--- Supplied records ---
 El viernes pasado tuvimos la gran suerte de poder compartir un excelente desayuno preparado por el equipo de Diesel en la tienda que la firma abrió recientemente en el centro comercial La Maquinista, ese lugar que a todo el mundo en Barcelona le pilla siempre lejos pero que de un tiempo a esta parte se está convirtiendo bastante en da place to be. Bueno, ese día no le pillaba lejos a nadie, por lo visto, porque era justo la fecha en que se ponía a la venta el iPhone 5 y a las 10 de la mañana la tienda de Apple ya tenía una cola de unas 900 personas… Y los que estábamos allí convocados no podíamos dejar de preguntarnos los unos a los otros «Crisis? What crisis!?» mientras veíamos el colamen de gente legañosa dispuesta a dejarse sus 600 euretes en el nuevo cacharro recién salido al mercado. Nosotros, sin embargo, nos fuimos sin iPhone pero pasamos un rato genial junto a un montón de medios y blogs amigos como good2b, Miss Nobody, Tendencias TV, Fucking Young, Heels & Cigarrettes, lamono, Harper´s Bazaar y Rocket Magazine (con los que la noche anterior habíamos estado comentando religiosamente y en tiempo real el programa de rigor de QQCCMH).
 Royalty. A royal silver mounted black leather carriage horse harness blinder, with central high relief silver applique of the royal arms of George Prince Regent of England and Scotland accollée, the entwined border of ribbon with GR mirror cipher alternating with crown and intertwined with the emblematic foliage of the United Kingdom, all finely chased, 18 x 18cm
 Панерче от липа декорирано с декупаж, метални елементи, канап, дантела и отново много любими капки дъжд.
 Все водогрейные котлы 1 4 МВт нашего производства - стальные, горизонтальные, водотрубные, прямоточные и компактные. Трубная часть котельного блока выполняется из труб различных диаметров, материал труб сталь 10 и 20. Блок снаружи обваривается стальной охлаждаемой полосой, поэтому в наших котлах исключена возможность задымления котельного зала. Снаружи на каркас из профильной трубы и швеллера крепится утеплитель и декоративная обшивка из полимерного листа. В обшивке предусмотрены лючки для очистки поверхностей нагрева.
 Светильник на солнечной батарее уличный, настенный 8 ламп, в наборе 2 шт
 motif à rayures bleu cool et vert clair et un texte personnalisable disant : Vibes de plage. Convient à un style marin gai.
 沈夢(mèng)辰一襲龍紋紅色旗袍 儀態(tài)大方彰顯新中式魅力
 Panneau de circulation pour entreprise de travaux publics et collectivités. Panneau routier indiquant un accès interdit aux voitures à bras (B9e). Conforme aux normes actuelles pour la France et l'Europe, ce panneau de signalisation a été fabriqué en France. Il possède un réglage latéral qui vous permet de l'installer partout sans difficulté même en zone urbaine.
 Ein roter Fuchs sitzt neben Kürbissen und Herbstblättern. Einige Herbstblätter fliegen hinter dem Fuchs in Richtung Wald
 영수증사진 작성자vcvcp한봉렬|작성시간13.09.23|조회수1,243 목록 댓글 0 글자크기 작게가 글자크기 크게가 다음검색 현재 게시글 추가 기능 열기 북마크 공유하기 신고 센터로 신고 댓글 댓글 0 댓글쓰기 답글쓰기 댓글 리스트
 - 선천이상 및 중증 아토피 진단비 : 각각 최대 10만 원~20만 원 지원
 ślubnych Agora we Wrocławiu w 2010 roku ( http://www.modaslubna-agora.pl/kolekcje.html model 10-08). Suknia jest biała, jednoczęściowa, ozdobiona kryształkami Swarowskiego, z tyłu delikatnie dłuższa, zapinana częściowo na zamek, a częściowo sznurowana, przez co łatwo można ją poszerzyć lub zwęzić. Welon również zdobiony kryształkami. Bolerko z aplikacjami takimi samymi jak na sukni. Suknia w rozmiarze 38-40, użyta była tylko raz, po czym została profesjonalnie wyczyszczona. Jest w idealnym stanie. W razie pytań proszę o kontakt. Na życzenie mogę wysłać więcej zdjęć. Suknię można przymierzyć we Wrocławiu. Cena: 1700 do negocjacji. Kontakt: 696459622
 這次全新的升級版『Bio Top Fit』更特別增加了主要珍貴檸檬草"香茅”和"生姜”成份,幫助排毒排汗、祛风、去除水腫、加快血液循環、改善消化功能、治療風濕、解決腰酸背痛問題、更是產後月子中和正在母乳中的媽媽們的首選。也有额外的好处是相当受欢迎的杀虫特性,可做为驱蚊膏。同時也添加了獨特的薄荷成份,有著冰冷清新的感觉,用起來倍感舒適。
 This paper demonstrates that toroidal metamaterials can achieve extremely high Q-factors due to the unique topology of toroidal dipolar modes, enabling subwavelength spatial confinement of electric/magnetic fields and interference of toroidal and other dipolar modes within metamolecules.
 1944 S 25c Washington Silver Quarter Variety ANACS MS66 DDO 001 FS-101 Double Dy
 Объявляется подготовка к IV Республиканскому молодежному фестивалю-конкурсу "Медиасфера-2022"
---
Assignment
In the entries above, find each line with the word "high" and show it.

Answer section
 Royalty. A royal silver mounted black leather carriage horse harness blinder, with central high relief silver applique of the royal arms of George Prince Regent of England and Scotland accollée, the entwined border of ribbon with GR mirror cipher alternating with crown and intertwined with the emblematic foliage of the United Kingdom, all finely chased, 18 x 18cm
 This paper demonstrates that toroidal metamaterials can achieve extremely high Q-factors due to the unique topology of toroidal dipolar modes, enabling subwavelength spatial confinement of electric/magnetic fields and interference of toroidal and other dipolar modes within metamolecules.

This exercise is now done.